Storage engine for minimimal databases.

Primary LanguageC


Storage engine for minimimal databases.

Licence: Public domain


We often found ourselves needing a datastore that has tunable durability, great write performance, great range scan performance and with great interface to our existing codebase.

Our usecase is timeseries events, which means insertion is constantly almost worst case for tree-based indexes. The closest solution we found was Cassandra, but it features a client heavy protocol to implement in librcd and it's runtime stability does not seem to be all that.

Tunable Durability

We use the "acid memory" implementation in librcd to get an interface that looks like mmap:ed files that have performant and known durability by two-phase commiting pages.

Memory allocator

This project features a minimal memory allocator that looks somewhat like dlalloc. However it only allocates blocks of form PAGE_SIZE *2^n, free requires knowledge of the allocation size because there is no allocation headers.

The almost B-skip-list

While SST:s is almost impossible to beat for range scan performance implementing them with performant insertion is very hard. Cassandras mem-tables and performance quirks are clear proof of that. Trees are horrible for ordered insert. So we took inspiration from "The B-Skip-List: A Simpler Uniquely Represented Alternative to B-Trees" by Daniel Golovin.


Our skip list has a predetermined height, all levels of lists except the lowest one are "index lists". "Higher" levels contain less keys than lower ones. The bottom layer is the data layer, this layer is the only one that has every key inserted. It also contains the value associated with the key.


A partition is a continuous block of memory. Partitions form doubly linked lists for all levels. The partitions are only a supportive structure to the nodes to make disk access efficient.


In an ordinary skip-list the nodes would more or less be the data structure. However because of the partitions form the dynamically linked structure our nodes don't have to point to each other. They are simply packed as tightly as possible in the available ranges in our partitions.

In the index layer they look like this:

| uint64_t key_length | uint8_t[] key | partition* down |

And in the data layer: | uint64_t key_length | uint8_t[] key || uint64_t value_length | uint8_t[] value|


When inserting a node into the skip-list first we must roll a level, we do this exactly like D.Golovin suggests. At the insertion level we start searching for the correct partition to place our node. This is done by iterating over the partitions until the next pointer is zero or the key of the first node in the next partition is larger than the key of the node being inserted. This partition is referred to as the representative partition for this node. In the representative partition we first check if it has space for our new node, if it does we move all nodes with a larger key than the insert node up to make space for the new node, then we insert the node. If it does not have space we instead make space by creating a new partition of sufficient size and move all the nodes with a larger key there, leaving space at the bottom for the new node. If this was an index level the node contains a down pointer, to know what this pointer will be we have to recursively insert at the layer below until the data level is reached.
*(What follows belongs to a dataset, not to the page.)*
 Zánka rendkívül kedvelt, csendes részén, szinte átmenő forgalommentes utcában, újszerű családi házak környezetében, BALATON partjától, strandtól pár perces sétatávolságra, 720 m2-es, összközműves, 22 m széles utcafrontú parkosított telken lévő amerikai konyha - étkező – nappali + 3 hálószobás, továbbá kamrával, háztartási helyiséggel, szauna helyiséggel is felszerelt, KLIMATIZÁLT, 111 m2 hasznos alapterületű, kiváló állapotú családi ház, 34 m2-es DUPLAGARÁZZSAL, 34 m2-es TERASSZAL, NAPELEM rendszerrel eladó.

All levels below the insertion level must be split on insertion so that the key of the insertion node is the first node in its partition, this is same behavior as when a partition runs out of space.

If a partition is "split" because the node was bigger than the partition there would be an empty partition in front of the new large one which serves no purpose so they are de-allocated.


We define lookup as finding the representative partition for the node with the desired key, this means that it will always succeed as long as the skip-list has at least one partition.

Lookup works like in a B-skip-list.